The presence of Islamic State (IS, formerly ISIS/ISIL) in Iraq will be completely eradicated in 2016, Haider al-Abadi, Iraq’s prime minister, said in a TV address dedicated to the capture of the city of Ramadi by government forces.
"2016 will be the year of the big and final victory, when Daesh’s (Arabic acronym for Islamic State) presence in Iraq will be terminated,” al-Abadi is cited as saying by Reuters.
Earlier on Monday, the Iraqi forces announced that they had dislodged IS militants from the center of the city of Ramadi, the capital of Anbar province in the Euphrates River valley about 110 kilometers west of Baghdad.
It was the government’s first major military success against the jihadists, who gained control of a third of the country’s territory after a massive offensive in 2014.

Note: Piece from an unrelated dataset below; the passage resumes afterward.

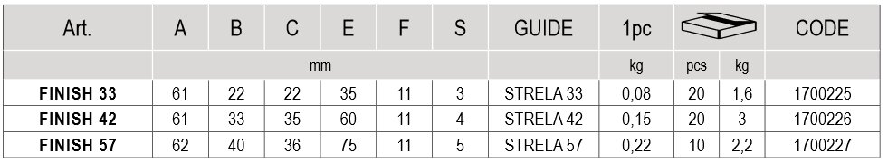 FINISH 57 - vnútorný doraz pre šínu STRELA

According to the PM, the next target will be Mosul, which is the largest IS-held city in northern Iraq.
“We are coming to liberate Mosul and it will be the fatal and final blow to Daesh,” he stressed.
A small Iraqi flag was raised over the main government complex in Ramadi to mark the victory.

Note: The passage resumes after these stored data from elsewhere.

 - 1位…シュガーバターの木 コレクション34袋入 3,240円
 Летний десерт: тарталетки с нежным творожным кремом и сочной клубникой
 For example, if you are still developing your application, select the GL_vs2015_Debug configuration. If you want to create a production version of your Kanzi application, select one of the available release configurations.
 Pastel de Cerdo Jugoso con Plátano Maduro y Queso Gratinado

“Yes, the city of Ramadi has been liberated,” Brigadier General Yahya Rasool, joint operations spokesman, said.
The spokesman for the US-led coalition against IS, Colonel Steve Warren, said that “the clearance of the government center is a significant accomplishment and is the result of many months of hard work.”
Warren noted that the victory would have been impossible without the airstrikes, training, and equipment provided for Iraq’s forces by the coalition.

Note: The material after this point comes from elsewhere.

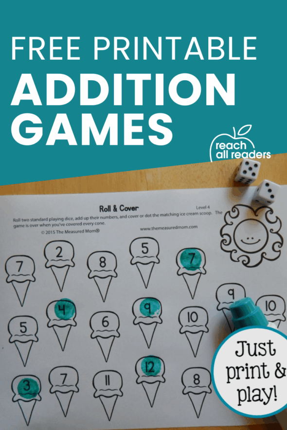 This week I’m sharing five Roll & Cover games to help your child practice addition. Are you familiar with Roll & Cover games? Just roll the dice, add the numbers, and cover or dot the answer on the board. When all the numbers are covered, the game is over.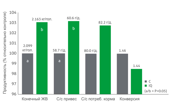 Известно, что IQ положительно влияют на различные стрессовые ситуации, такие как транспортировка, тепловой стресс или роды, обеспечивая улучшение продуктивности в сочетании с более низкой экспрессией маркеров воспаления и стресса, эффектом смещения микробиома в сторону более полезных групп бактерий и снижением проницаемости кишечника.

READ MORE: Iraqi troops ‘close to recapturing’ Ramadi from ISIS
“The most important thing is to secure it (Ramadi) because Daesh can bounce back,” Hoshiyar Zebari, Iraq’s finance minister, told Reuters.
The Iraqi government, led by a Shia prime minister al-Abadi, said Ramadi would be handed over to local police and a Sunni tribal forces after it is fully secured. Anbar is a mostly Sunni province.
The authorities hope the move will persuade local Sunnis to resists Islamic State militants.